→ Information provided:
.....

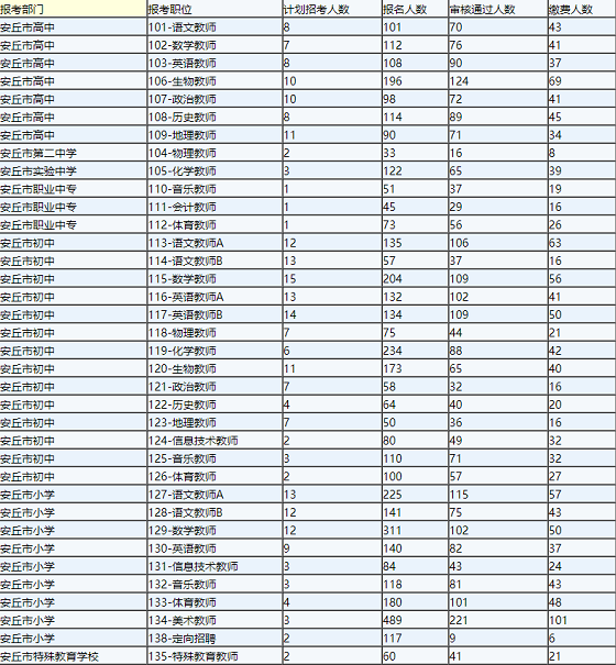 山東教師招聘 濰坊安丘市2020年教師招聘報(bào)名情況統(tǒng)計(jì)表(截至3月31日17點(diǎn))
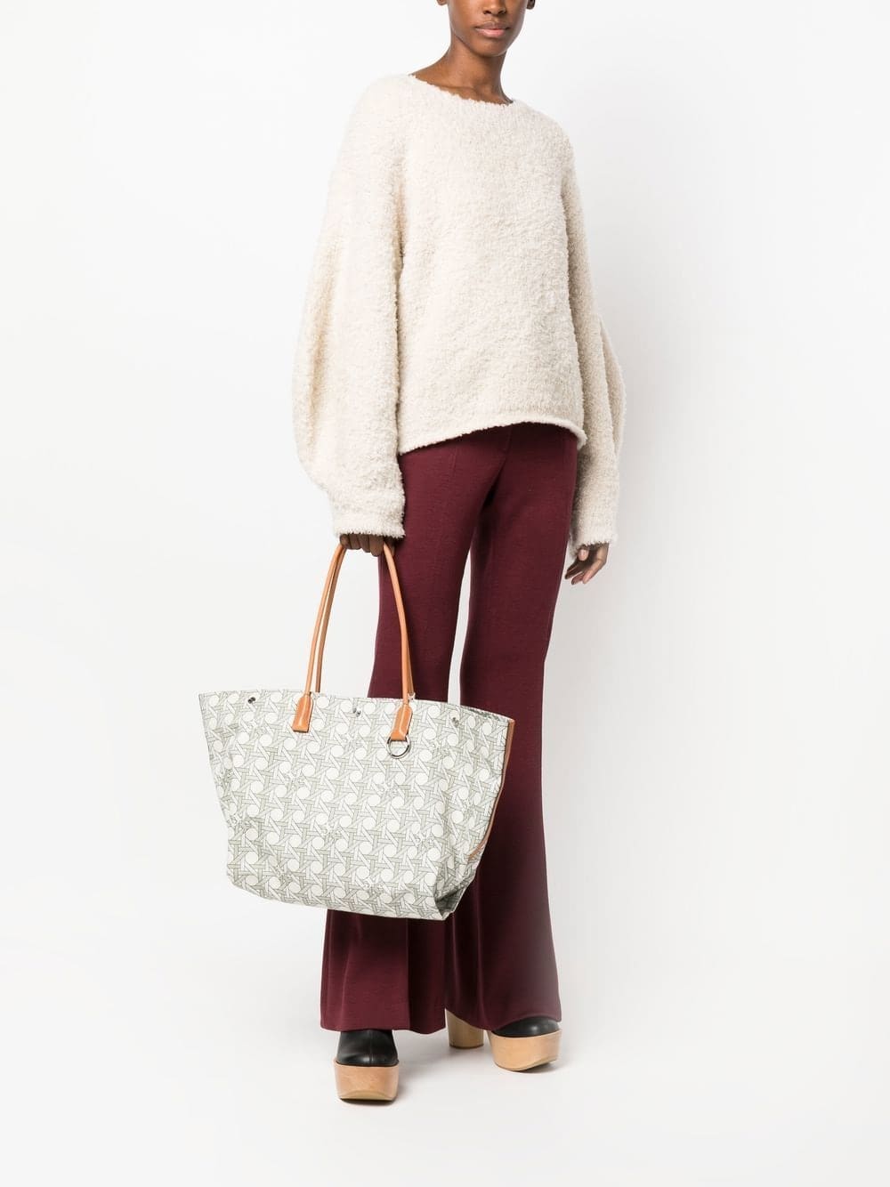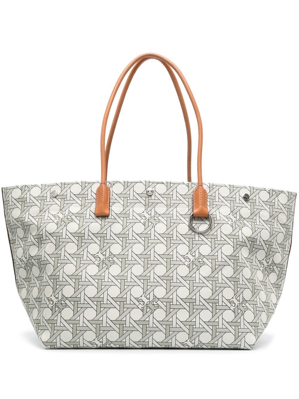 basketweave-print tote bag
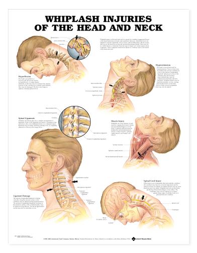 Defines whiplash and shows hyperflexion, hyperextension, spinal ligaments, ligament damage, muscle injury and spinal cord injury. Size is 20" W by 26" H.

.....

→ Action item:
An exact repeat of all the data is required, pictures excluded.

→ Problem solution:
 山東教師招聘 濰坊安丘市2020年教師招聘報(bào)名情況統(tǒng)計(jì)表(截至3月31日17點(diǎn))
 basketweave-print tote bag
 Defines whiplash and shows hyperflexion, hyperextension, spinal ligaments, ligament damage, muscle injury and spinal cord injury. Size is 20" W by 26" H.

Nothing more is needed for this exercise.